I was not going to write about MSN, but it occurred to me that this Museum has a miraculous, therapeutic power. No small thing, like Louis XV's finger to cure scrooges. Well, the newly opened MSN building has the power to unite Poles across political divides. Thanks to the nature of the institution and the architectural form of its headquarters, it has become a catalyst for the emotions of Poles. It has set the Polish political landscape in motion: from backyard Nazis to Warsaw's elite of left-wing activists.
Because of its architecture and what will be exhibited there (for the record, it will be modern art), the MSN is an ideal target for the right, whose followers glue together inept videos of bloody-coprophagic performances from the 1960s with the caption "this is in the MSN!", or glue together "their" architects' renderings indicating what a REAL museum should look like. On them it resembles, vividly, the fascist buildings of the 1930s, well, and it's still white, and after all, the color white is power! In contrast, party poopers on the left are firing back at the museum, claiming that it's too expensive, that there was definitely a scam, and that it shouldn't have any sponsors at all. And in any case not from the automotive sector! Sponsors from the private sector are, after all, capitalists, what poison the earth and demoralize with dollars. Apparently, in order to meet the overleveraged needs of our radicals, one would have to hire an architect of the likes of Piacentini or Speer (he just has to be a patented Pole, you know) to propose something like the Zeppelin Field or EUR, but at half the price. On top of that, everything should be financed with public money. And if it can't be, that the donor should be OUR state-owned company or at least a very Polish dairy cooperative. Then there will be no controversy, because, after all, everyone likes the milk of Polish Muciek and "hegemonized" cheeses, and we have the archetype of the Greek portico and tympanum deeply imprinted in our brains thanks to soothing images depicting borderland mansions.
All this is accompanied by an article in "Gazeta Wyborcza" under the headline "It's not the 1990s anymore!", the author of which claims that cooperation with sponsors is a relic from a bygone era. I must correct: the private sector in the 1990s was, to put it mildly, very reluctant to pour money into anything that wasn't sports, or repairing a church roof. The article criticizes the selection of one of the main sponsors in the form of a German car brand. Because, it is well known, the car is evil itself: it poisons, destroys cities and is a pretentious sign of status. Reading the article, one might come to the conclusion that no one wants to work with any car brands in the cultural sector anymore. Well, nothing could be further from the truth: automotive brands sponsor the following museums TODAY, not just in the 1990s: MoMA, MoMA PS1, Tate Modern, Guggenheim, Museum of Contemporary Art Detroit, National Museum of Modern Art Seoul or even the National Gallery in Berlin.
Not to mention minor exhibitions and festivals. I'm sorry: not only have cars become part of our cities, for better or for worse (and I believe it is possible to eliminate these "bad" consequences of their presence over time, including by diminishing the role of cars!), but these pesky vehicles have also crept into the work of dojchmark-bought museums and artists. From Chris Burden nailing a hunchback and Keith Haring covering a German racer with his "paint job" to MSN's "audiola." Seriously, though: criticizing a cultural institution (which is supposed to have an international reach while serving a public mission) for working with sponsors is ridiculous. The article author's claim that in an ideal world everything should be covered by the state, in itself signals that this world is not ideal after all. The fact is, it isn't: by some miracle, there is always a hole in public institutions (in this case, in the funding of the museum's program) that no ministry or state-owned company can patch. That's why institutions like MSN have no choice but to find themselves between the hammer and the anvil, that is, between the desire and at the same time the condition for fulfilling the public mission, expressed, for example, through low ticket prices, and the need to meet the terms of cooperation negotiated with the private sector.

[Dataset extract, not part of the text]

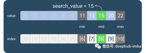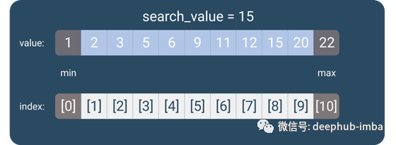 使用新的中点,我们检查这是否是我们要寻找的数字。在这种情况下,正好是15,这样这次查找就完成了。

Why am I writing about this? Because I see MSN as a swallow of a paradigm shift, especially with regard to the aforementioned openness of private sponsors to support culture. For almost three decades, as an architect, artist and consultant, I have dealt with Polish museums, BWA galleries and NGOs. All of them were barely spinning. The private sector's contribution almost never exceeded 10 percent of the cost of projects, the rest of which was covered by various forms of state administration under the assumption to give as little as possible, because "culture is parasites." With directors of institutions, curators and activists in the NGO sector, we wrote dozens of grant applications. For example, consciously inflating costs, because it was known that reluctant officials in the magistrate's office would cut them, on principle and without substantive reasons, by half. Snip! As a result, everyone involved in the process rode on the lowest rates, resulting in a mass exodus from a sector in which it was impossible to survive wanting to own an apartment or have children. Finally, albeit belatedly, looking at the rising cost of living, there is now a chance to change the situation. Why put a stick in the spokes of these changes? Out of reluctance pretending to be concerned about the public good? I think my own disgusted Polish father put it well: "Or maybe we just don't deserve either this class of museum or European-level culture in general?".